■ PROBLEM DESCRIPTION ■
Reproduce the entries below exactly, but leave the pictures out.

[Excerpts from a dataset]
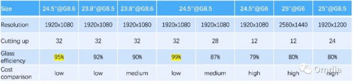 若考虑切割效率,24.5寸在8.6代线具有高达约95%的切割效率,甚至较8.5代线上92%切割效率的23.8寸更高,在几种相似尺寸的面板产品的类似切割中,非常具有竞争力。
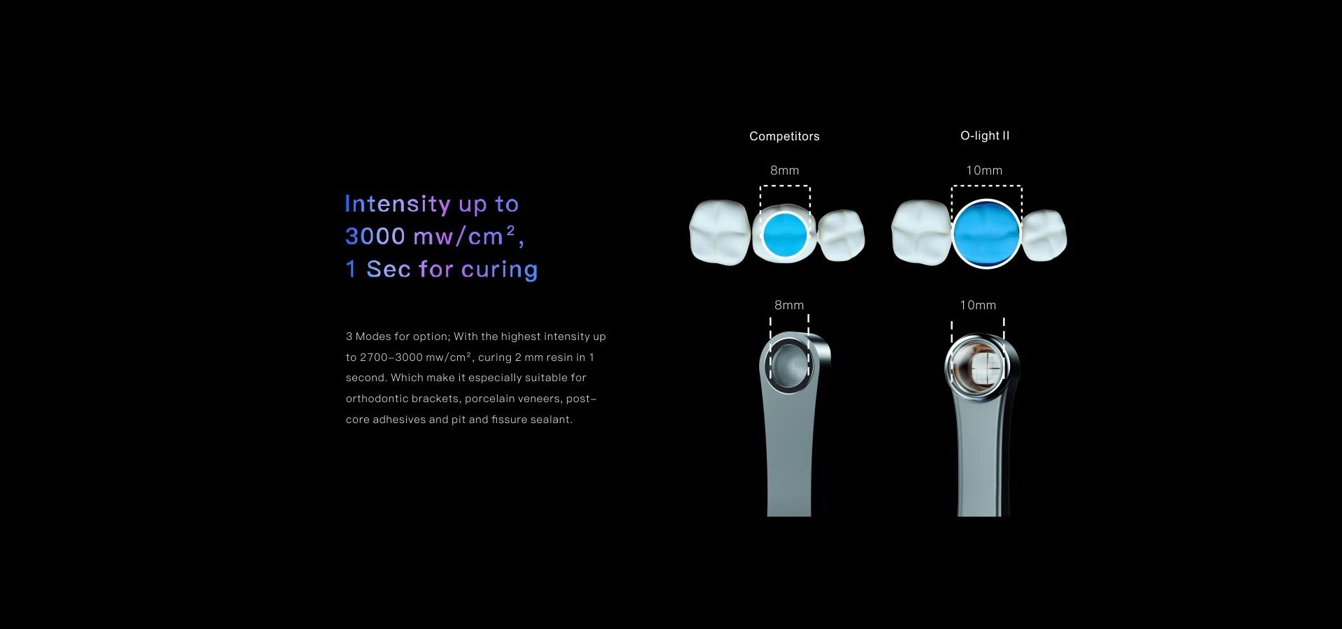 restoratif diş hekimliği uygulamalarında farklı ışıkla sertleşen materyallerin etkin ve homojen şekilde polimerizasyonunu sağlamak üzere geliştirilmiştir. Çift dalga boylu LED ışık teknolojisi sayesinde hem kamforokinon bazlı klasik kompozitleri hem de yeni nesil alternatif fotoinisiyatör içeren materyalleri güvenle sertleştirebilir. Bu özellik, kliniklerde farklı marka ve tipte kompozitlerle sorunsuz uyum sunar.
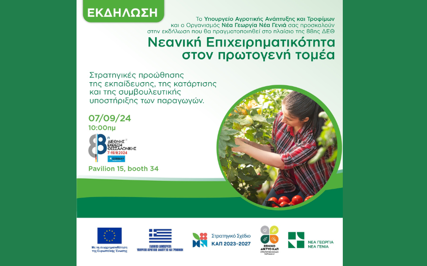 Το Υπουργείο Αγροτικής Ανάπτυξης και Τροφίμων και ο οργανισμός Νέα Γεωργία Νέα Γενιά, σας προσκαλούν στην εκδήλωση που συνδιοργανώνουν στο πλαίσιο της 88ης ΔΕΘ με τίτλο: Νεανική Επιχειρηματικότητα στον πρωτογενή
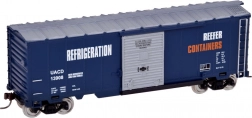 Dieser Kühlgüterwagen für Modelleisenbahnen im Maßstab H0 1:87 bietet das authentische Erscheinungsbild echter „Reefer“-Containerwagen. Die blau-graue Ausführung mit markantem Aufdruck REFRIGERATION und REEFER CONTAINERS sowie funktionierenden Schiebetüren unterstreicht das realistische Erlebnis auf der Strecke.
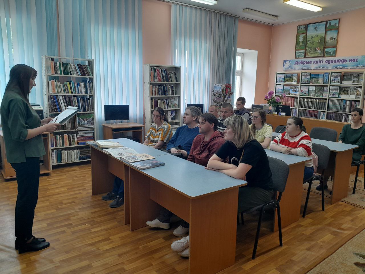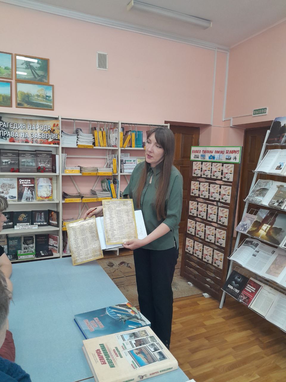 Тема разговора-начало войны. Участники мероприятия вспомнили о ветеранах-земляках, которые воевали за мирное небо над головой. Заведующий отделом обслуживания и информации ГУК "Новогрудская районная библиотека" Светлана Константиновна Чубрик сделала обзор книжной выставки, на которой представила литературу, которая рассказывает о тех трагических событиях.
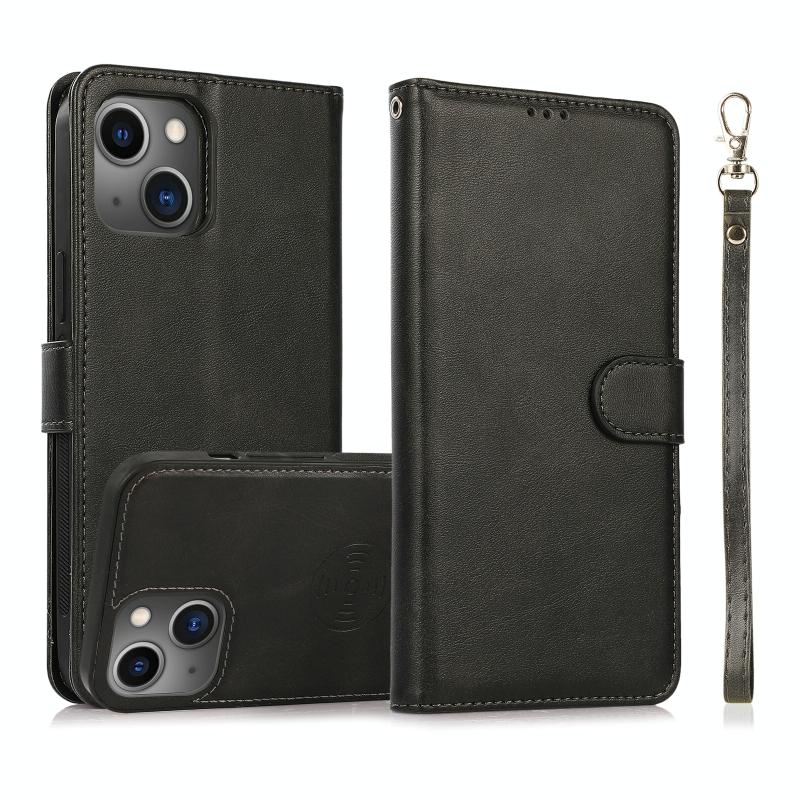 For iPhone 14 Calf Texture 2 in 1 Detachable Magnetic Back Cover Leather Case(Black)
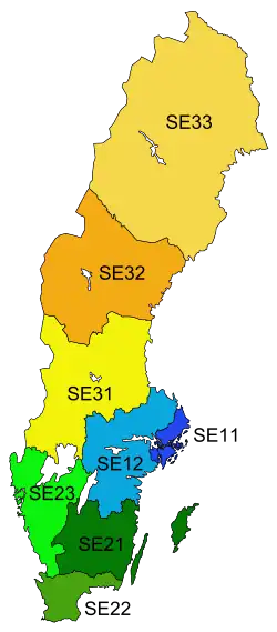 The 8 riksområden (Singular : Riksområde) includes the 21 counties of Sweden.[2] Only Stockholm (SE01) corresponds simply to the homonymous county.
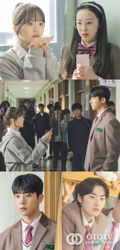 이날 공개된 사진은 이홍주, 강후영, 김혜지, 권상필의 엇갈린 첫사랑을 예고한다. 떠들썩하게 모여든 남학생들 사이로 강후영에게 러브레터를 건네는 ‘위풍당당’ 이홍주의 모습이 호기심을 자극한다.
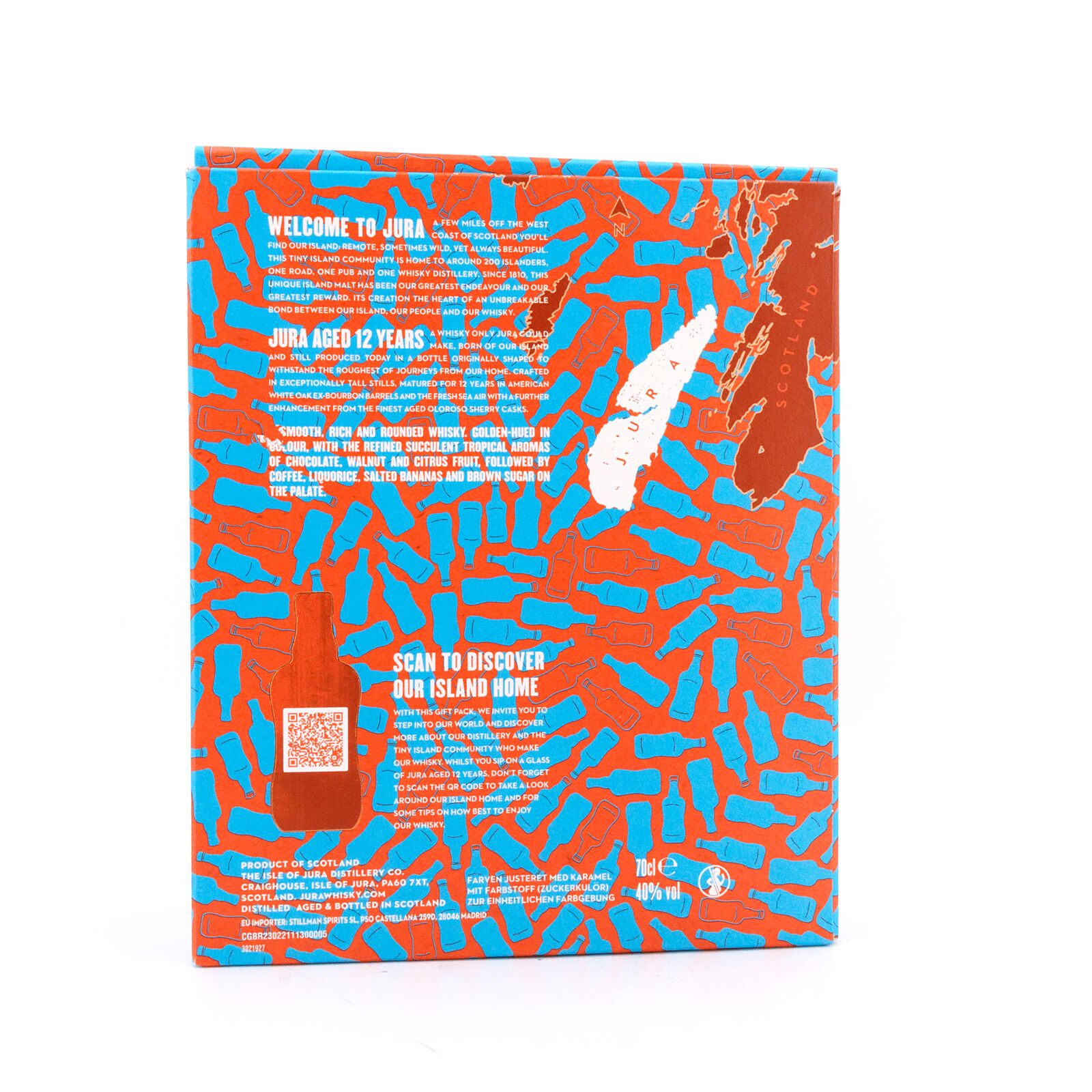 Die Isle of Jura Destillerie wie sie heute auf der Insel steht, wurde Mitte der 1960er Jahre fertiggestellt, wobei Archibald Campbell nachweislich bereits 1810 an gleicher Stelle Whisky gebrannt hatte. Heute gehört die Brennerei zur „Alliance Global Group“, einem international operierenden Getränke-Konzern. In den vergangenen zwei Jahren hat man das Portfolio der Destillerie im Zuge einer Neuausrichtung grundlegend überarbeitet. Nachdem im Herbst 2017 bereits die vier neuen Whiskies für den Reisehandel auf den Markt gekommen waren, folgten im Frühjahr 2018 die fünf überarbeiteten Abfüllungen des Standardsortiments, darunter neben dem „Jura Journey“, dem „Jura 10 Year Old und dem „Jura Seven Wood“ auch eine Neuauflage des zwölfjährigen Isle of Jura (40 Vol%). Gelagert wurde dieser neue „Jura 12 Year Old“ in Fässern aus amerikanischem Eichenholz und ehemaligen Oloroso Sherry Butts.
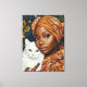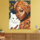 Um retrato cativante de uma jovem africana em um embrulho de cabeça de padrão vibrante, segurando suavemente um gato branco, colocado contra um fundo botânico exuberante.
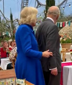 Um vídeo feito durante a visita do casal real ao Projeto Éden na terça-feira capturou Camilla, 77, conversando com um membro da equipe enquanto batia em Charles, 78, com dois dedos.
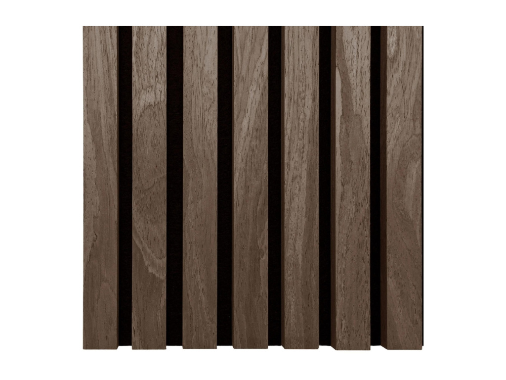 Akustický panel Zuis představuje originální typ obložení stěn i stropu, které se hodí do obývacích pokojů, ložnic či komerčních prostor. Je vyroben z MDF desky a dýhy v odstínu vlašského ořechu. Mezery mezi jednotlivými latěmi jsou pak černé. Panel v místnosti pohlcuje zvuk a snižuje hladinu hluku. Zuis představuje moderní způsob dekorace a odhlučnění zároveň.
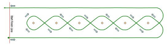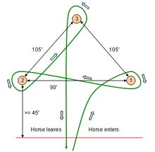 На трассе устанавливают несколько шестов на расстоянии 7 м друг от друга. Вначале всадник скачет на лошади к дальнему концу линии шестов, затем возвращается, проезжая змейкой между шестами, поворачивает и вновь проезжает между шестами, затем скачет галопом к финишу.
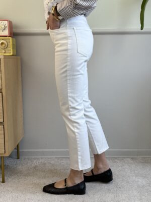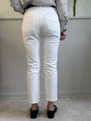 Jeans bianco a vita alta, gamba aderente e orlo a taglio vivo.
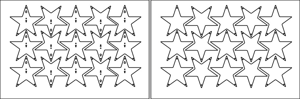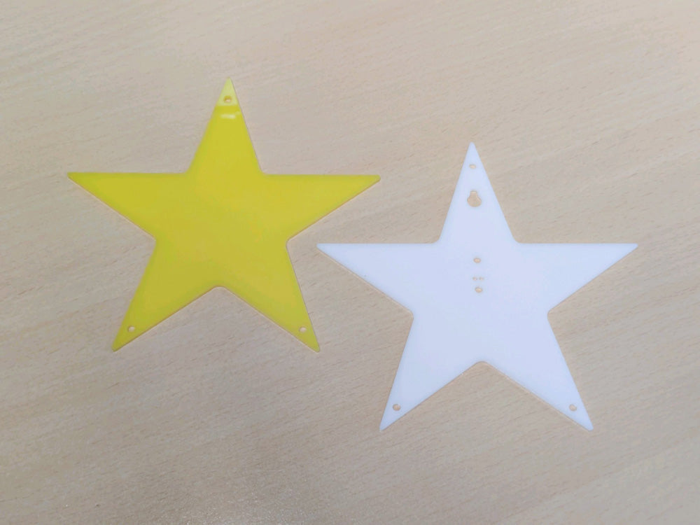 We’ve designed an enclosure that resembles a simple star shape, which is formed from two star-shaped panels. The back panel is shown below on the left, and the front Panel is on the right. They are tessellated 15 to a sheet.
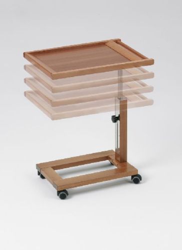 Massive Beech structure, Non- scratch laminated tray, Adjustable in more heights system, Anti-trace revolving wheels, Tilting Tray in both sides.
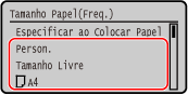 Quando está colocado um papel de tamanho não padrão (Tamanho personalizado)
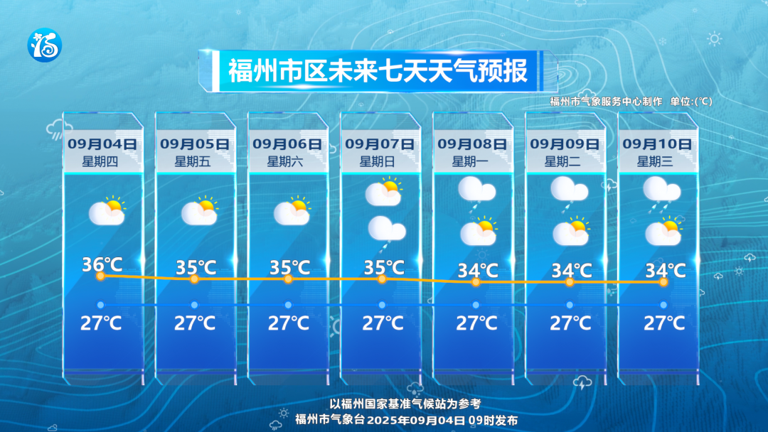 未来一周市区高温在35℃高温线附近徘徊,低温27℃左右,闷热的体感几乎会贯穿全天,户外活动要注意防暑。

■ THE ANSWER ■
 若考虑切割效率,24.5寸在8.6代线具有高达约95%的切割效率,甚至较8.5代线上92%切割效率的23.8寸更高,在几种相似尺寸的面板产品的类似切割中,非常具有竞争力。
 restoratif diş hekimliği uygulamalarında farklı ışıkla sertleşen materyallerin etkin ve homojen şekilde polimerizasyonunu sağlamak üzere geliştirilmiştir. Çift dalga boylu LED ışık teknolojisi sayesinde hem kamforokinon bazlı klasik kompozitleri hem de yeni nesil alternatif fotoinisiyatör içeren materyalleri güvenle sertleştirebilir. Bu özellik, kliniklerde farklı marka ve tipte kompozitlerle sorunsuz uyum sunar.
 Το Υπουργείο Αγροτικής Ανάπτυξης και Τροφίμων και ο οργανισμός Νέα Γεωργία Νέα Γενιά, σας προσκαλούν στην εκδήλωση που συνδιοργανώνουν στο πλαίσιο της 88ης ΔΕΘ με τίτλο: Νεανική Επιχειρηματικότητα στον πρωτογενή
 Dieser Kühlgüterwagen für Modelleisenbahnen im Maßstab H0 1:87 bietet das authentische Erscheinungsbild echter „Reefer“-Containerwagen. Die blau-graue Ausführung mit markantem Aufdruck REFRIGERATION und REEFER CONTAINERS sowie funktionierenden Schiebetüren unterstreicht das realistische Erlebnis auf der Strecke.
 Тема разговора-начало войны. Участники мероприятия вспомнили о ветеранах-земляках, которые воевали за мирное небо над головой. Заведующий отделом обслуживания и информации ГУК "Новогрудская районная библиотека" Светлана Константиновна Чубрик сделала обзор книжной выставки, на которой представила литературу, которая рассказывает о тех трагических событиях.
 For iPhone 14 Calf Texture 2 in 1 Detachable Magnetic Back Cover Leather Case(Black)
 The 8 riksområden (Singular : Riksområde) includes the 21 counties of Sweden.[2] Only Stockholm (SE01) corresponds simply to the homonymous county.
 이날 공개된 사진은 이홍주, 강후영, 김혜지, 권상필의 엇갈린 첫사랑을 예고한다. 떠들썩하게 모여든 남학생들 사이로 강후영에게 러브레터를 건네는 ‘위풍당당’ 이홍주의 모습이 호기심을 자극한다.
 Die Isle of Jura Destillerie wie sie heute auf der Insel steht, wurde Mitte der 1960er Jahre fertiggestellt, wobei Archibald Campbell nachweislich bereits 1810 an gleicher Stelle Whisky gebrannt hatte. Heute gehört die Brennerei zur „Alliance Global Group“, einem international operierenden Getränke-Konzern. In den vergangenen zwei Jahren hat man das Portfolio der Destillerie im Zuge einer Neuausrichtung grundlegend überarbeitet. Nachdem im Herbst 2017 bereits die vier neuen Whiskies für den Reisehandel auf den Markt gekommen waren, folgten im Frühjahr 2018 die fünf überarbeiteten Abfüllungen des Standardsortiments, darunter neben dem „Jura Journey“, dem „Jura 10 Year Old und dem „Jura Seven Wood“ auch eine Neuauflage des zwölfjährigen Isle of Jura (40 Vol%). Gelagert wurde dieser neue „Jura 12 Year Old“ in Fässern aus amerikanischem Eichenholz und ehemaligen Oloroso Sherry Butts.
 Um retrato cativante de uma jovem africana em um embrulho de cabeça de padrão vibrante, segurando suavemente um gato branco, colocado contra um fundo botânico exuberante.
 Um vídeo feito durante a visita do casal real ao Projeto Éden na terça-feira capturou Camilla, 77, conversando com um membro da equipe enquanto batia em Charles, 78, com dois dedos.
 Akustický panel Zuis představuje originální typ obložení stěn i stropu, které se hodí do obývacích pokojů, ložnic či komerčních prostor. Je vyroben z MDF desky a dýhy v odstínu vlašského ořechu. Mezery mezi jednotlivými latěmi jsou pak černé. Panel v místnosti pohlcuje zvuk a snižuje hladinu hluku. Zuis představuje moderní způsob dekorace a odhlučnění zároveň.
 На трассе устанавливают несколько шестов на расстоянии 7 м друг от друга. Вначале всадник скачет на лошади к дальнему концу линии шестов, затем возвращается, проезжая змейкой между шестами, поворачивает и вновь проезжает между шестами, затем скачет галопом к финишу.
 Jeans bianco a vita alta, gamba aderente e orlo a taglio vivo.
 We’ve designed an enclosure that resembles a simple star shape, which is formed from two star-shaped panels. The back panel is shown below on the left, and the front Panel is on the right. They are tessellated 15 to a sheet.
 Massive Beech structure, Non- scratch laminated tray, Adjustable in more heights system, Anti-trace revolving wheels, Tilting Tray in both sides.
 Quando está colocado um papel de tamanho não padrão (Tamanho personalizado)
 未来一周市区高温在35℃高温线附近徘徊,低温27℃左右,闷热的体感几乎会贯穿全天,户外活动要注意防暑。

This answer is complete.